Part V – Appointment and Removal of Directors

    1. (1)  The number of directors of the association shall be a minimum of 5 and a maximum of 8;
      (2)  The president, vice-president, secretary, deputy secretary, treasurer, deputy treasurer and one or more other individuals are the directors.

 

    1. (1)  Elections for directors shall be held once per year at the general meeting;
      (2)  The directors must retire from office prior to the elections at the general meeting when the successors are elected;
      (3)  Separate elections must be held for each position;
      (4)  An election may be by acclamation, otherwise by ballot.
      (5)  If a successor is not elected, the previous director returns in office.

 

    1. (1)  The directors may appoint a member to fill a vacancy among the directors from time to time and at any time;
      (2)  That appointee hold office only until the next annual general meeting of the association, but is eligible for election at that time.

 

    1. A director shall be limited to three consecutive terms of office.

 

    1. (1)  A director shall give his or her notice of resignation in writing to the other directors;
      (2)  The directors shall appoint a member to replace a director who has resigned or otherwise removed from office.

 

    1. (1)  A director may be removed by special resolution of a member;
      (2)  The removal of director requires a 2/3 majority vote on a special resolution.

Part VI – Duties of Directors and Officers

    1. The president shall be the chief executive officer of the association and shall preside at all meetings of the association and its directors.

 

    1. The vice-president shall assist the president in the discharge of his or her duties and in the absence of the president or in case of inability to act, shall assume all the duties and powers of the president.

 

    1. The secretary shall keep or cause to be kept an accurate list of the members of the association and their addresses.  The secretary shall also keep a record or arrange for one to kept of all proceedings of the association.

 

    1. The deputy secretary shall be responsible for correspondence of the associationpursuant to the direction of the directors and shall assist the secretary in the discharge of his or her duties.

 

    1. The treasurer shall deposit or cause to be deposited in the association’s bank accounts all funds received by the association.  He or she shall hold safe against loss any funds and securities of the association and shall report regularly to the directors concerning the financial standing of the association.

 

    1. The deputy treasurer shall assist the treasurer in the exercise of his or her duties . 

 

    1. The president and secretary of the association shall sign in name and on behalf of the association, all contracts, deeds, documents and other instruments requiring execution on behalf of the association.  The directors may designate one or more director to sign in place of them should they deem it necessary.

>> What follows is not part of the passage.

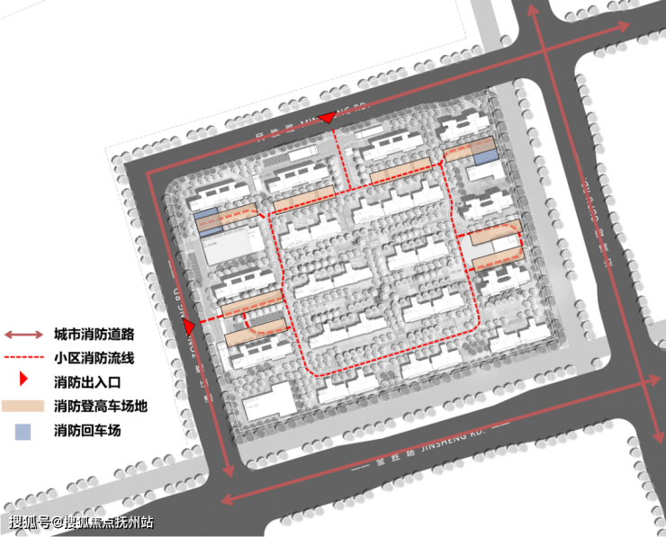 小区人行和车行出入口沿民胜路及通江路设置,所有住宅地面访客机动车停车均结合小区出入口设置。机动车在小区入口处就进入地库,行人通过小区入口进入组团。基地内部人流通过中心绿化带及步行景观走廊联系形成各个单元相连的封闭步行系统,交通组织流畅,并且有明确的限制,保证小区内部彻底实现人车分流。本案采用的主要停车方式为集中地下停车库停车,做到真正意义上的人车分流。

Part VII – Standing Committees

    1. (1) The directors may authorize the creation of standing or special committees whose duties and terms of reference will be determined by the directors as they deem necessary.
      (2) Such committees shall have a chair and any other members as decided by the directors.

 

    1. Committee meetings shall be arranged by the chair and quorum shall be 50% unless otherwise authorized by the directors.

 

    1. The chair as a director or member shall report from time to time as required to the directors of the association concerning the business of the committee.

Part VII – Executive Committee

    1. The executive committee shall consist of the directors and the chairs of standing or special committees, if any.

 

    1. The executive shall meet from time to time as determined by the directors.

 

    1. The executive shall have the power to exercise the executive functions of the directors but shall not have the power to appoint officers or make capital expenditures.

Part VII – Financial

  1. For the purposes of carrying out the objectives of the association the directors may borrow or raise funds in the manner they think fit.